▸ **Records from a data source**
⟨

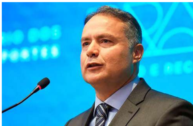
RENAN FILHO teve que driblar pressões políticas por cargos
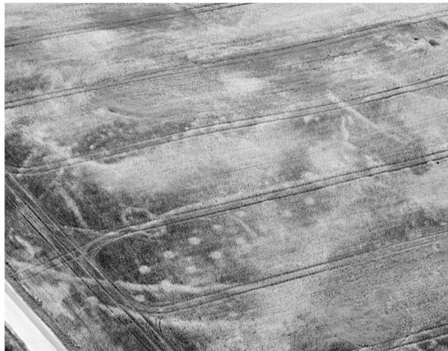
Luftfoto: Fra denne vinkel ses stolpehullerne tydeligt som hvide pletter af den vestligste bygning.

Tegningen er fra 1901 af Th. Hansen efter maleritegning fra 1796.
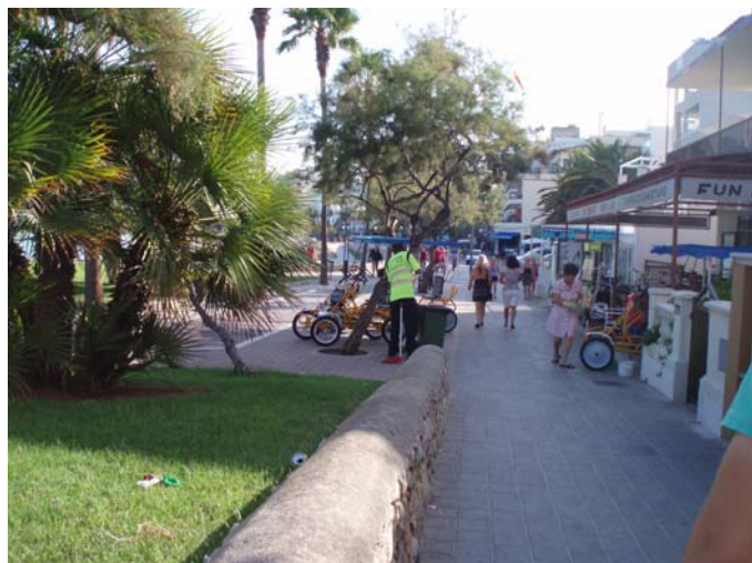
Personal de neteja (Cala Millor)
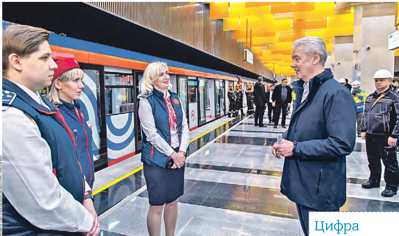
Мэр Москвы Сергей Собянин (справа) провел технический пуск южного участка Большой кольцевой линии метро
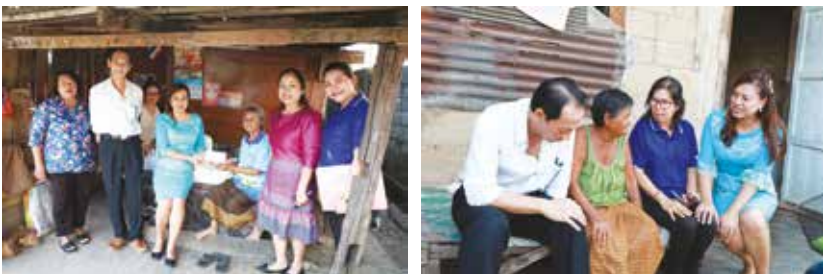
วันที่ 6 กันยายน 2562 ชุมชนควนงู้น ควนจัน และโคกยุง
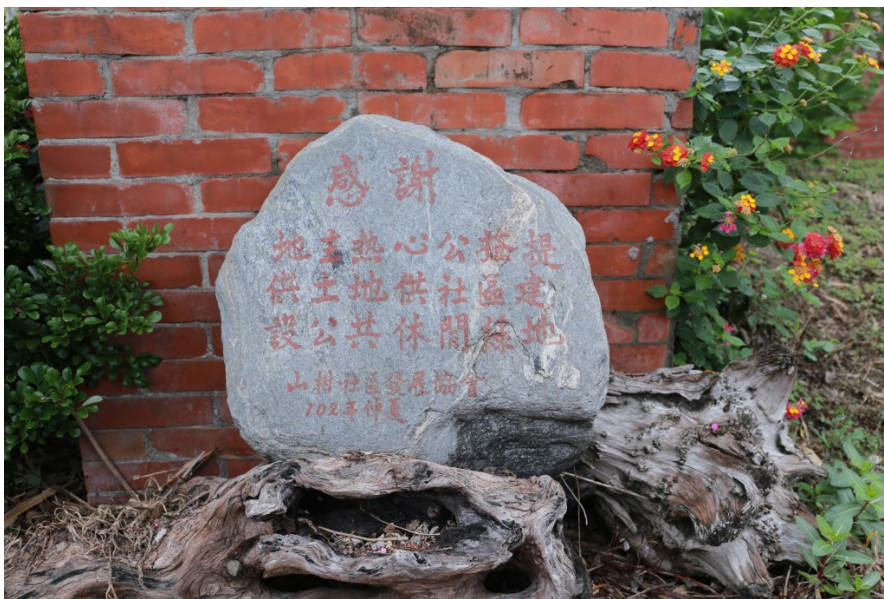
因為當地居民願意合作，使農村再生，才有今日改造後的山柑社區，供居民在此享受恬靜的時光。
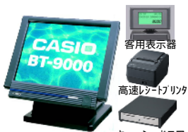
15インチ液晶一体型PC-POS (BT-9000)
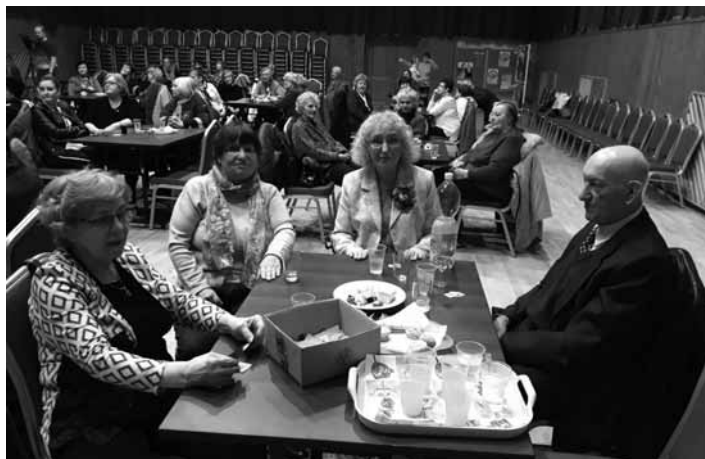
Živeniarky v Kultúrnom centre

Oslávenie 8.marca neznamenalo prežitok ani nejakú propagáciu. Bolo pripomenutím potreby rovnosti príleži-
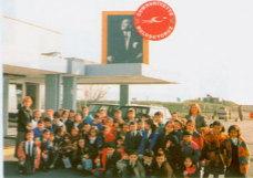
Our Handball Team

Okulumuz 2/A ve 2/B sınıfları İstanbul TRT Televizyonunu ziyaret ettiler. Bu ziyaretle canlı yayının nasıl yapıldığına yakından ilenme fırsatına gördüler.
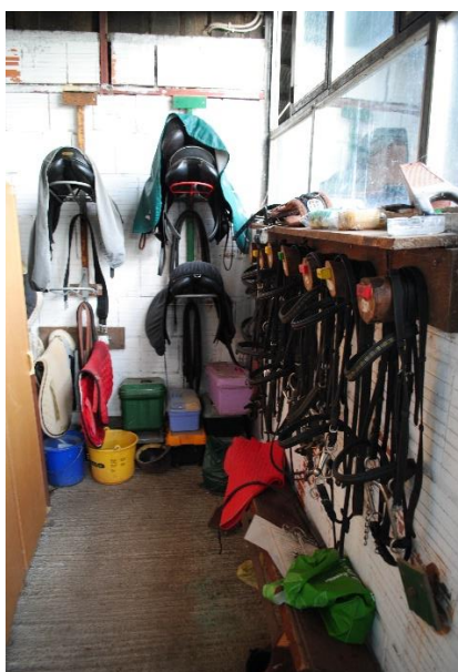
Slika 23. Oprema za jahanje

⟩

▸ **What is needed**
Only the lines from the one containing "因為當地居民願意合作，使農村" through the last line of the entries should be transcribed, exactly and with no pictures.

▸ **Finished task**
因為當地居民願意合作，使農村再生，才有今日改造後的山柑社區，供居民在此享受恬靜的時光。
15インチ液晶一体型PC-POS (BT-9000)
Živeniarky v Kultúrnom centre

Oslávenie 8.marca neznamenalo prežitok ani nejakú propagáciu. Bolo pripomenutím potreby rovnosti príleži-
Our Handball Team

Okulumuz 2/A ve 2/B sınıfları İstanbul TRT Televizyonunu ziyaret ettiler. Bu ziyaretle canlı yayının nasıl yapıldığına yakından ilenme fırsatına gördüler.
Slika 23. Oprema za jahanje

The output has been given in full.